Well, we know there were higher proportion of share tuberculosis

outcomes amongst those who shared than those who didn't.

And hence, even though, I mean, we knew proportion was higher in the top group.

But if all we had was this risk

difference, we, we could still say that the

estimated relative risk of tuberculosis for those who

shared and those who didn't is greater than one.

And so it would be estimated, odds ratio.

And then the fact that the 95% confidence interval for the

population level difference of proportions, included zero.

We know that the confidence intervals for the relative risk

and odds ratios would concur in terms of the null value.

And their respective null value is one, so they're 95% CI's will include one.

We can ascertain that without actually computing them.

But just to full steam ahead and give this is a full on treatment why don't

we go ahead and estimate the relative and

compute a 95% confidence interval from these data.

So the easiest way to get this started is to set up a

two by two table, and there's certain arbitrariness about how you set these up.

But, in order for the formulae that I've given you

for standard errors with a relative risk to work it's advantageous

to set it up.

It makes things easier to keep track of if you put the outcome

status in the rows, and then those with the outcome in the first row.

And those who don't have the outcome in the

second row and in the columns you have the exposures.

And those with the exposures those who share needles in

the first and those who didn't share in the second.

We do that,

fill this table out.

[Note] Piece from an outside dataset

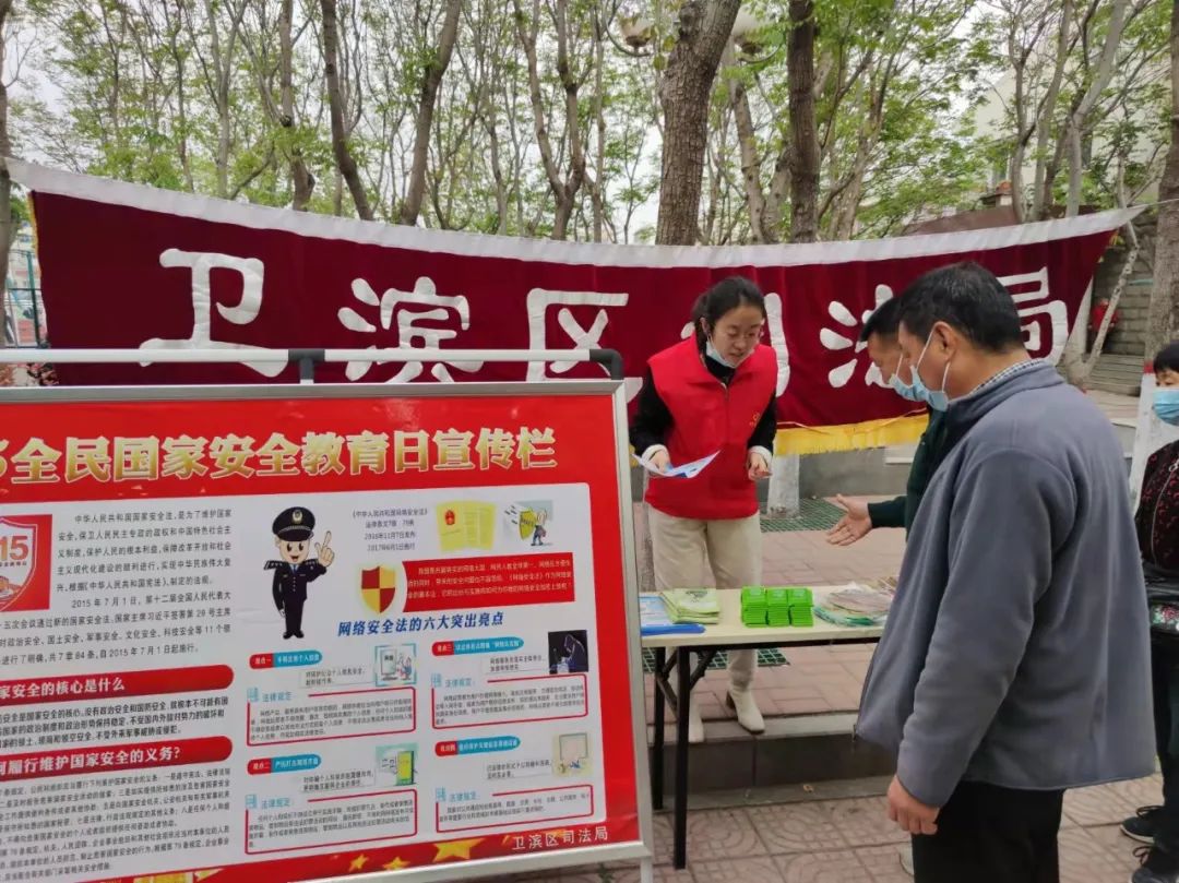 为树牢总体国家安全观,感悟新时代国家安全成就,为迎接党的二十大胜利召开营造良好氛围。4月15日上午,卫滨区司法局开展国家安全日普法教育活动,提升全民国家安全意识。

We're good, almost good to go, so

there are estimated relative risks to start.

Sorry, all of a sudden I'm having a lot more trouble with the pen.

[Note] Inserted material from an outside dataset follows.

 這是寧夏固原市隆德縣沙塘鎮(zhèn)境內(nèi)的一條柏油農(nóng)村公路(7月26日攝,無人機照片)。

And I'm used to having trouble with the pen,

but all of a sudden I'm really having trouble.

Here's the 25% we observed amongst the sharers.

We have the 17% amongst those who didn't share.

This is approximately equal to 1.4. We know we're going to have to put

this on the log scale, to start to estimate the confidence interval.

A log of 1.4 is roughly equal to 0.34.

And now to get the standard error of the log of this estimated relative risk, we

have to just run through our formula, which

involves some counts from the two by two table.

So we'd take the square root of 1 over the number of outcomes TB positive results in

the exposed group, the sharers, minus 1 over the number of people in that group.

And then we add 1 over

the number of TB positive outcomes in the group who didn't share needles.

Minus 1 over the total number in that group.

And if you do the math out on this you get something approximately equal

to 0.24. And so the 95% confidence

interval for the log of the true relative risk

goes from 0.34 log of estimated relative risk

plus or minus 2 times 0.24. And when all the

dust settles we get a confidence interval and a log relative risk scale.

Negative 0.14 to 0.82, so you see that

we knew, heads up that this confidence interval for

the log relative risk includes zero, which means

when we exponentiate the results to get the confidence

interval for the actual relative risk, we get an interval that goes

from 0.87 to 2.27 and it includes the null value of one.

So you suggest that an individuals risk of con,

having Tuberculosis being Tuberculosis positive is 13% anywhere from

13% less to 127% greater amongst any individual who

shares needles versus an individual who does not share needles.

And so the results are statistically un, inconclusive about the association at the

population level between sharing needles and

increased or decreased risk to tuberculosis.